An attorney may spend years preparing High Court litigation, consulting with clients, drafting pleadings, briefing counsel, managing strategy and understanding every factual detail of a dispute. Yet, under the challenged provision in the Legal Practice Act, that same attorney could be prevented from standing up in the High Court to argue the matter simply because three years had not yet passed since admission. An advocate admitted on the same day did not face the same statutory waiting period.
This distinction sat at the heart of Ramalepe and Another v Minister of Justice and Constitutional Development and Others, where the Gauteng High Court declared section 25(3)(a) of the Legal Practice Act 28 of 2014 unconstitutional and invalid. The provision required attorneys to practise for a continuous period of at least three years before obtaining a certificate of appearance in the High Court, Supreme Court of Appeal and Constitutional Court.
The declaration of invalidity has been referred to the Constitutional Court for confirmation, which means the High Court judgment is not yet the final word. However, the case has already raised important questions about equality, professional regulation and the continued distinction between attorneys and advocates.
Section 25(3)(a) under scrutiny
Section 25 of the Legal Practice Act deals with the right of legal practitioners and candidate legal practitioners to appear in court. It recognises, in general terms, that legal practitioners may appear on behalf of clients, but it also places specific requirements on attorneys who wish to appear in the superior courts.
The challenged provision required an attorney to have practised for a continuous period of at least three years post admission before being issued with the relevant right of appearance certificate.
This meant that a newly admitted attorney could be fully qualified and entitled to practise but still be barred from appearing in the High Court because the prescribed period had not yet lapsed. A newly admitted advocate, admitted at the same time, was not subject to the same delay.
Constitutional difficulty
The applicants challenged the provision on constitutional grounds, including equality, dignity and the right to choose and practise a profession.
The central concern was not whether rights of appearance in the superior courts should be regulated - they should be. The superior courts deal with complex and often high stakes matters and the public has a legitimate interest in ensuring that practitioners who appear before them are properly equipped to do so.
The difficulty was whether the three-year waiting period was a rational and constitutionally permissible way to achieve that objective.
A time-based requirement may appear objective, but it does not necessarily measure competence. An attorney could spend three years doing work unrelated to High Court litigation and still satisfy the requirement. Conversely, a capable litigation attorney, working under appropriate supervision and with relevant advocacy experience, could be prevented from appearing because the required period had not yet elapsed.
The Court found this distinction to be arbitrary. If the purpose of the provision was to protect the public and the courts by ensuring adequate competence, the rule did not achieve that purpose in a sufficiently direct or rational way.
Measuring ability vs time
The judgment does not suggest that professional standards should be lowered. On the contrary, it points to the need for regulation that is better aligned with its stated purpose.
There is a meaningful difference between a rule that tests whether a practitioner is competent to appear in the superior courts and a rule that assumes competence will arise automatically after a fixed period. The first is directed at professional quality. The second risks becoming a form of gatekeeping.

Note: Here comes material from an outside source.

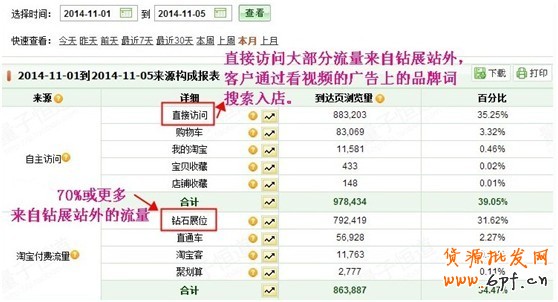 其中直接訪客的大部分流量都是來(lái)自鉆石展位的視頻網(wǎng)站的資源位,客戶在看視頻的時(shí)候就會(huì)看到視頻暫停,前貼片等廣告圖,記住了品牌詞,就會(huì)上淘寶網(wǎng)搜品牌詞,所以潛在新客戶和自然流量因?yàn)檎故緩V告的獨(dú)特魅力而不斷新增,前提是要持續(xù)投放~

This is particularly important in a profession that has already undergone substantial statutory reform. The Legal Practice Act introduced a more unified regulatory framework for legal practitioners. However, the practical divide between attorneys and advocates remains significant in areas such as litigation, briefing patterns and courtroom appearance.
The judgment therefore raises a broader question. If different rules apply to different categories of legal practitioners, those differences must be capable of justification. Historical practice, professional custom or inherited assumptions will not be enough.
Practical Implications
For attorneys, the judgment may open the door to a more competence-based approach to superior court appearance rights. Younger practitioners, particularly those in litigation departments, may be able to progress more quickly if the regulatory framework is amended or clarified following Constitutional Court confirmation. For law firms, the case may affect how litigation teams are structured, how junior practitioners are trained, and how clients are advised on representation in superior court matters.
The future of appearance rights
The matter now awaits confirmation by the Constitutional Court. Importantly, the decision does not erase the distinction between attorneys and advocates. Nor does it suggest that all professional distinctions are unconstitutional. It does, however, make clear that where the law differentiates between legal practitioners, that differentiation must be rational, fair and constitutionally defensible.
For the legal profession, the case may become part of a larger conversation about modernising legal practice in a way that serves clients, protects the courts and reflects the constitutional values on which the profession depends.